Tuesday 13 October 2015

Who will pay for gun control

ON OCTOBER 1st America reached 1000 mass shootings in the three years since the Sandy Hook massacre, which left 20 young children dead.
The recent headline grabbing attack on a campus in Oregon was number 994, meaning there were a further six on the same day. It was the 294th mass shooting in America this year. Following the shootings, which left nine dead, not including the gunman, United States President Barack Obama gave yet another press conference calling for stricter gun controls.
It isn’t the first time he has made this plea though. The same call for action was made after Sandy Hook, Charleston, Fort Hood... In total President Obama has called for more regulations governing gun ownership fourteen times.
Why then is it that America still won’t give up its arms? One reason is the Republican right, which has viewed the right to carry arms as a constitutional matter and therefore something to be clung onto irrespective of rational arguments against. Perhaps the key case to be made against the second amendment, aside from its ambiguity concerning who can actually carry arms, is that it was written at a time when you had to take a tea break to reload between shots. Guns have moved forward and it is time that legislators came to terms with this.
If the Republican right really believed that handing out more guns would help prevent more deaths then they would only have to look at the statistics for mass shootings on military bases to see the flaw in the argument.

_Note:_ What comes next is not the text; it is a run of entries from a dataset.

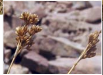
Juncus rigidus Desf. ■ (= J. maritimus auct. non Lam.)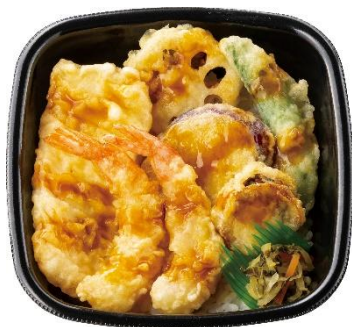
エビ2尾/イカ/ホタテ/野菜3種 海鮮天井 640円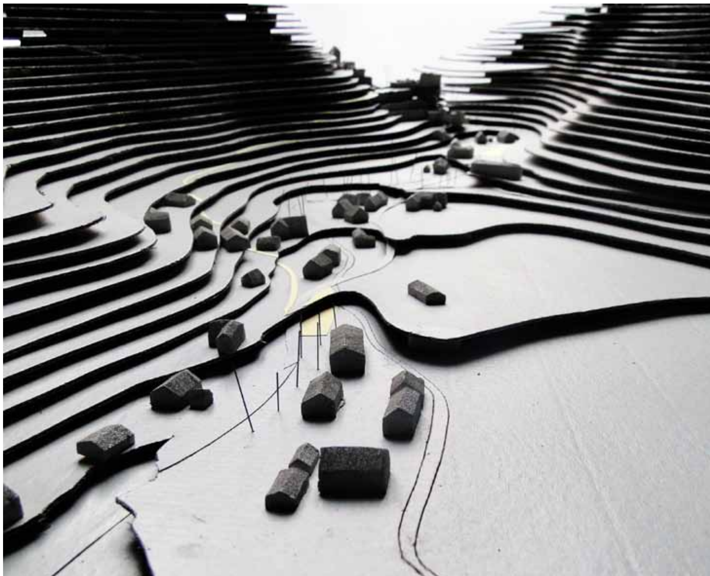
Slika 3: Dostop h gradu Kamen.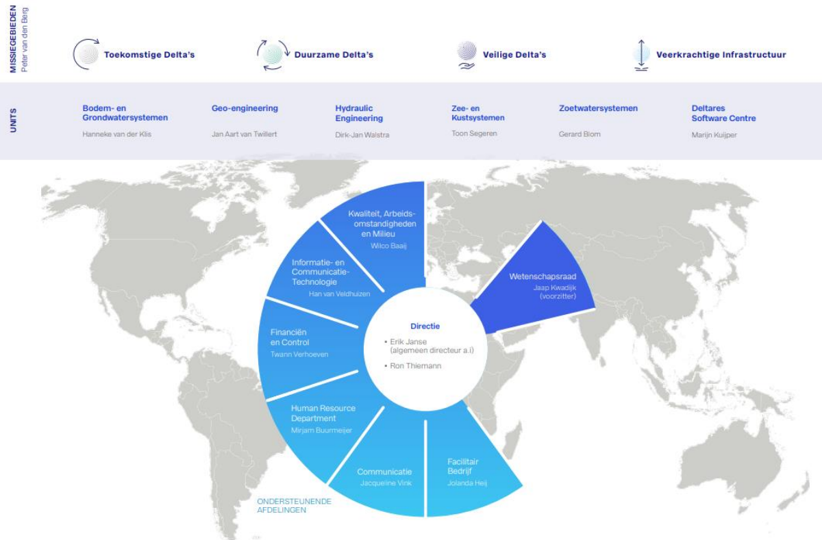
Figuur 1. Organogram Deltares februari 2020.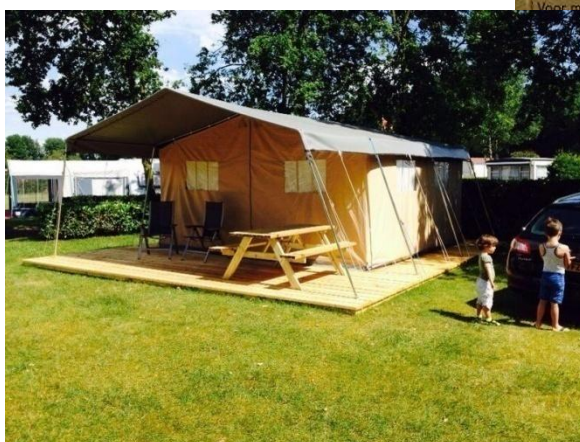
safaritent Heische Tip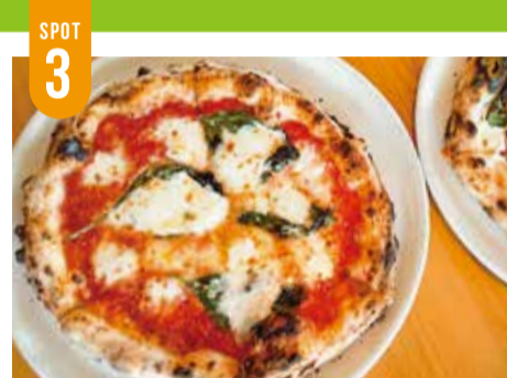
マルゲリータ...1,050円/リコッタチーズ...1,650円

沖縄雑貨の店 ていらていら&ていらCafe 小山 沖縄では定番のスパムおにぎり~ちょっと塩味の効い たポークランチオンミートにご飯、さらに「豚肉みそ」 は隠し味と!!これがとてもとてもイケるのです◎!!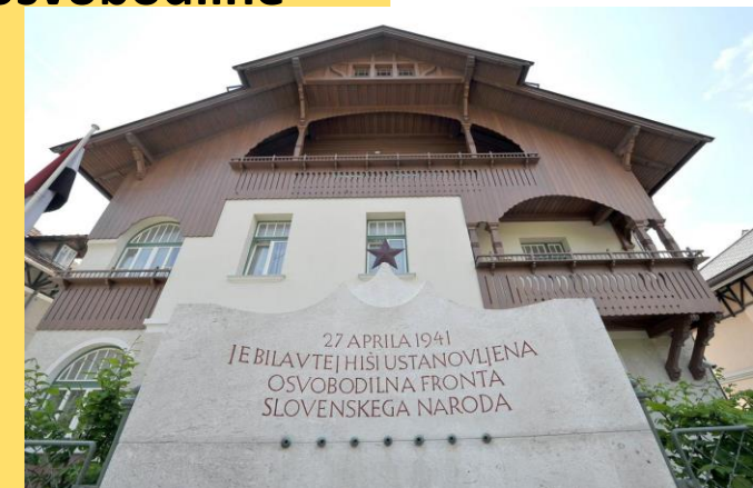
Ljubljana; Vidmarjeva vila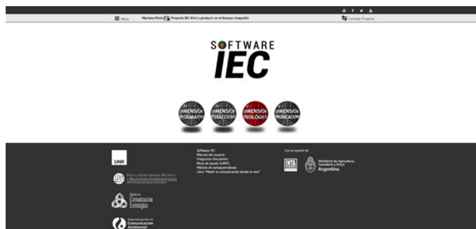
Imagen 5. Captura de pantalla inicial del Software IEC

El Software IEC es un modo de Gestión del Conocimiento a través de un tipo de medición multidimensional que aporta datos vinculados como una posibilidad de reflexión al interior de los equipos interdisciplinarios con la capacidad de reorientar la intervención de un modo más eficiente .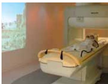
Na přístroji bude možné provádět vyšetřování:

Na našem pracovišti je i ojedinělá instalace osvětlení vyšetřovací místnosti. Nový přístroj přispěje ke zvýšení dostupnosti MR vyšetření dětem z celého Jihomoravského kraje.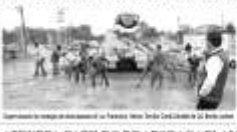
Trabajadores realizando obras de mantenimiento en la Avenida de la Unidad y la Avenida de la Libertad en la zona centro de Juárez.

El Ayuntamiento de Juárez, Coahuila, reforzó la avenida con concreto hidráulico en el tramo de la avenida de la Unidad y la avenida de la Libertad, mejorando la infraestructura vial y reduciendo el ruido. Este proyecto forma parte de las obras de mantenimiento y mejoramiento de la infraestructura vial de la ciudad.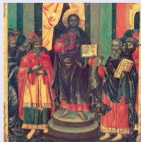
ΜΕΣΟΠΕΝΤΗΚΟΣΤΗΣ Παφνουτίου ἱερομ., Συμεὼν ὁσ. Ἀγαθαγγέλου ὁσίου, Ἐσφιγμέντου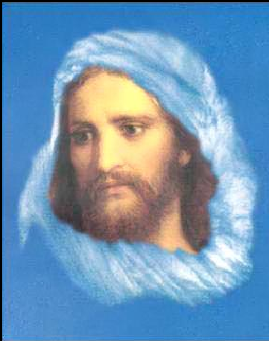
ప్రభువైన యేసు క్రీస్తు LORD JESUS CHRIST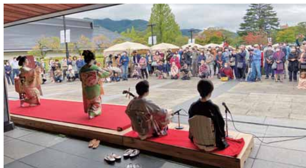
多くの来場者の前で東山芸妓の魅力を披露(県立博物館前)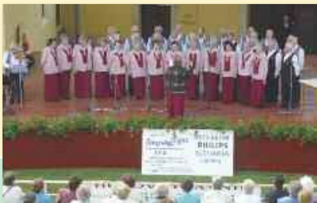
A komáromi és a magyarországi Kék Balaton nyugdíjasainak műsora a Tiszti pavilon színpadán

Politics is just the public face of the case against tighter gun control. It is the economics behind the politicians which are the real reason President Obama will inevitably have to give another press conference before his term of office is over.
In 2012 the National Rifle Association was reported as spending approximately  $15million on Republican political campaigns in an effort to thwart President Obama from regaining office. American Presidential campaigns have become known for their multimillion dollar war chests. The size of the NRA’s fiscal support for the pro-gun republicans gives a sense of the money involved though and the scale of the opposition President Obama is facing in his attempt to overhaul gun laws.
While the arms industry is notoriously hard to find exact figures on the Norwegian Initiative on Small Arms (NISA) estimates that American small arms purchases in 2009 accounted for 38% of global total of imports at $1.8billion, more than 47 other leading importers combined. Meanwhile figures given in 2010, relating to 2007, by the US Census Bureau estimate that domestic sales revenue for smalls arms sales could be $2,742 million per year, with a payroll for employees in America of $507million.
The money involved is vast and the interest groups powerful. It isn’t an unwinnable battle though. The government’s long running campaign against big tobacco, and its loosening of the corporation’s stranglehold on politics shows that it can be done. It won’t be through good intentions though and will require a shift in focus for the Republicans, among others. The American constitution has been amended and updated before as circumstances required. There is no longer the same need for armed citizens, forgoing the argument of enhancements to the guns they are carrying. The only thing holding back the debate is the question of who will pay the price, the coffers of the arm trade or the lives of the next victims?